• [PROBLEM TO WORK ON] Transcribe every line below exactly; no image goes into the output.

DATASET EXTRACT START

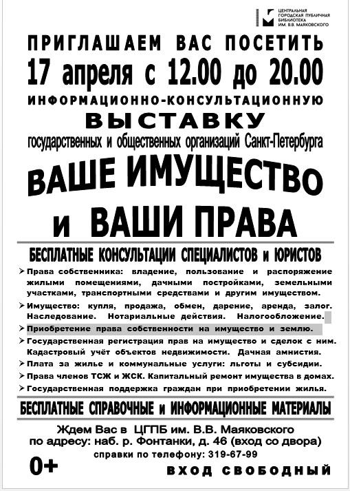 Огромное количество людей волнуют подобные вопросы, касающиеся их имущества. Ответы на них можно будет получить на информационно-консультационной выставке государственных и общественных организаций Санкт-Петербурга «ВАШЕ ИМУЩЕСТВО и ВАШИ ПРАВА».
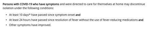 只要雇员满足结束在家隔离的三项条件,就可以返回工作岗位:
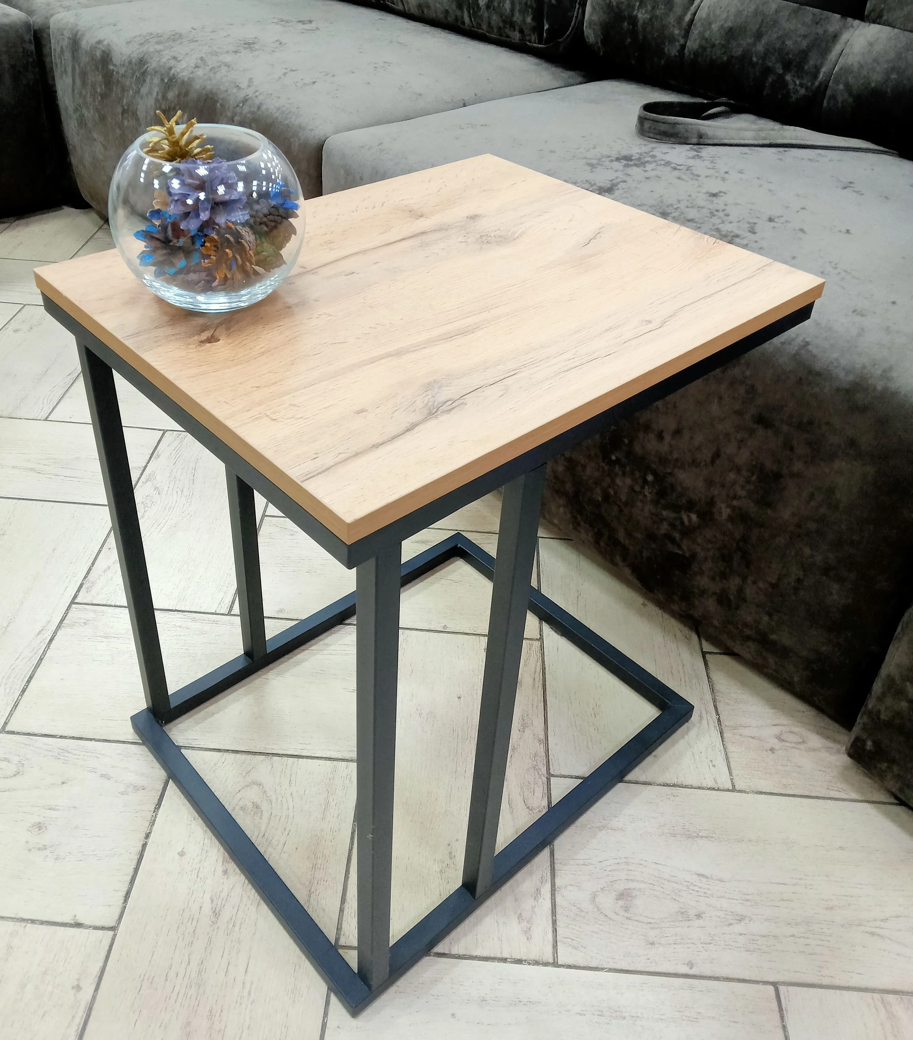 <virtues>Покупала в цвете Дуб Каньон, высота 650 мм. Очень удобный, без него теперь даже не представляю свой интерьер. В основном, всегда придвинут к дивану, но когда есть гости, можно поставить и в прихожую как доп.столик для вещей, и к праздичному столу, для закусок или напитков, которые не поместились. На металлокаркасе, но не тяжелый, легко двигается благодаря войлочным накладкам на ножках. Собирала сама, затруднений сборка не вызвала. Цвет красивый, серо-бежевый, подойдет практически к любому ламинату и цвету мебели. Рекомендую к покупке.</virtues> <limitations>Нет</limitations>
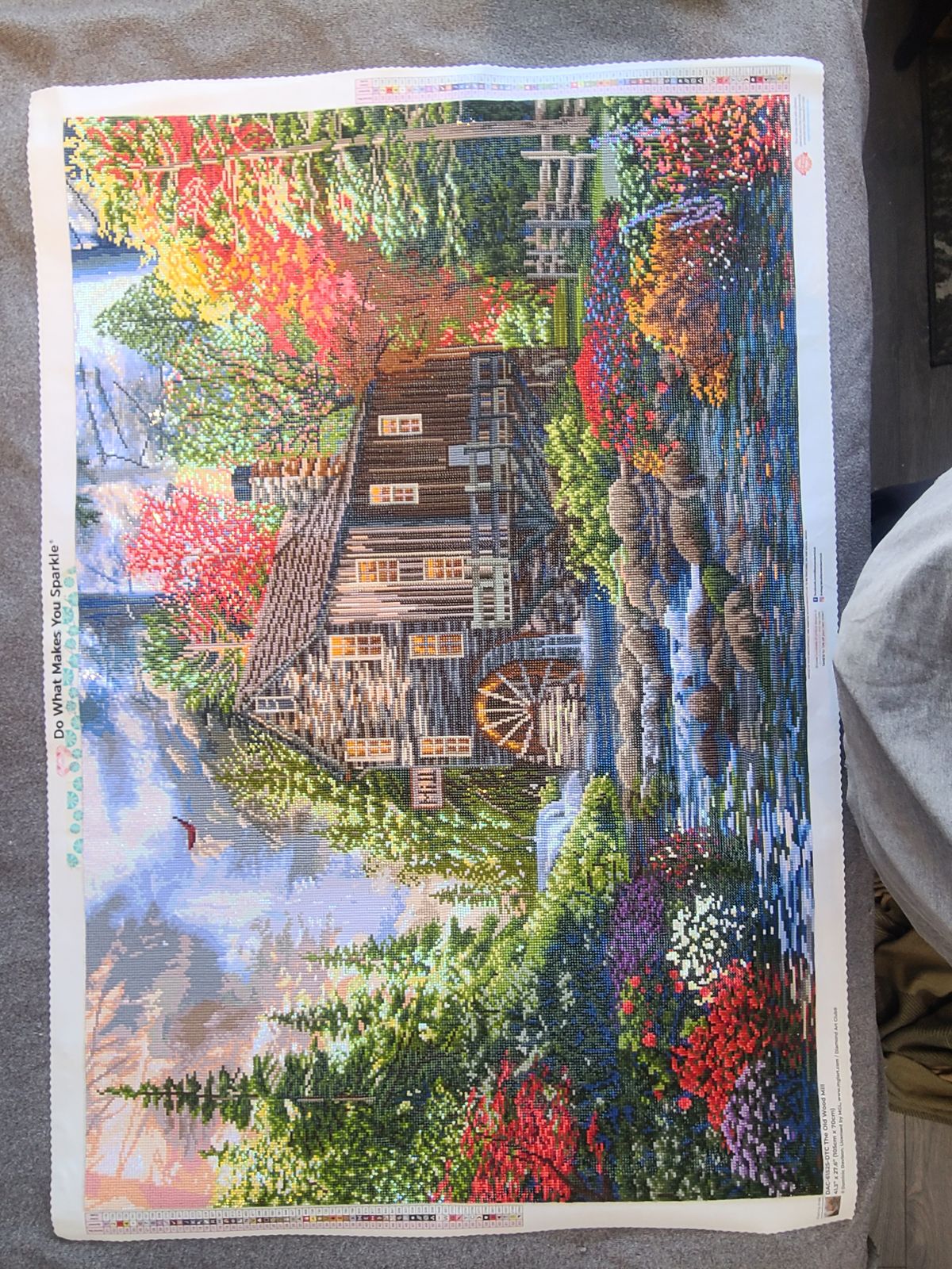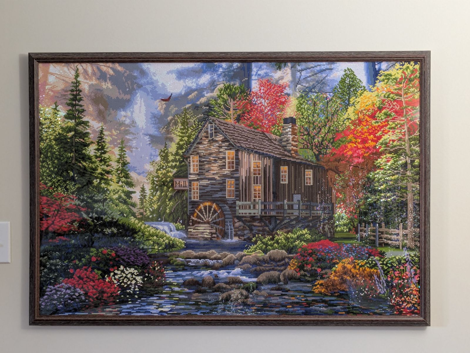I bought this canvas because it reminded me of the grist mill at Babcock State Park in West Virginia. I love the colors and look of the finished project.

DATASET EXTRACT END

• [WRITTEN ANSWER]
 Огромное количество людей волнуют подобные вопросы, касающиеся их имущества. Ответы на них можно будет получить на информационно-консультационной выставке государственных и общественных организаций Санкт-Петербурга «ВАШЕ ИМУЩЕСТВО и ВАШИ ПРАВА».
 只要雇员满足结束在家隔离的三项条件,就可以返回工作岗位:
 <virtues>Покупала в цвете Дуб Каньон, высота 650 мм. Очень удобный, без него теперь даже не представляю свой интерьер. В основном, всегда придвинут к дивану, но когда есть гости, можно поставить и в прихожую как доп.столик для вещей, и к праздичному столу, для закусок или напитков, которые не поместились. На металлокаркасе, но не тяжелый, легко двигается благодаря войлочным накладкам на ножках. Собирала сама, затруднений сборка не вызвала. Цвет красивый, серо-бежевый, подойдет практически к любому ламинату и цвету мебели. Рекомендую к покупке.</virtues> <limitations>Нет</limitations>
I bought this canvas because it reminded me of the grist mill at Babcock State Park in West Virginia. I love the colors and look of the finished project.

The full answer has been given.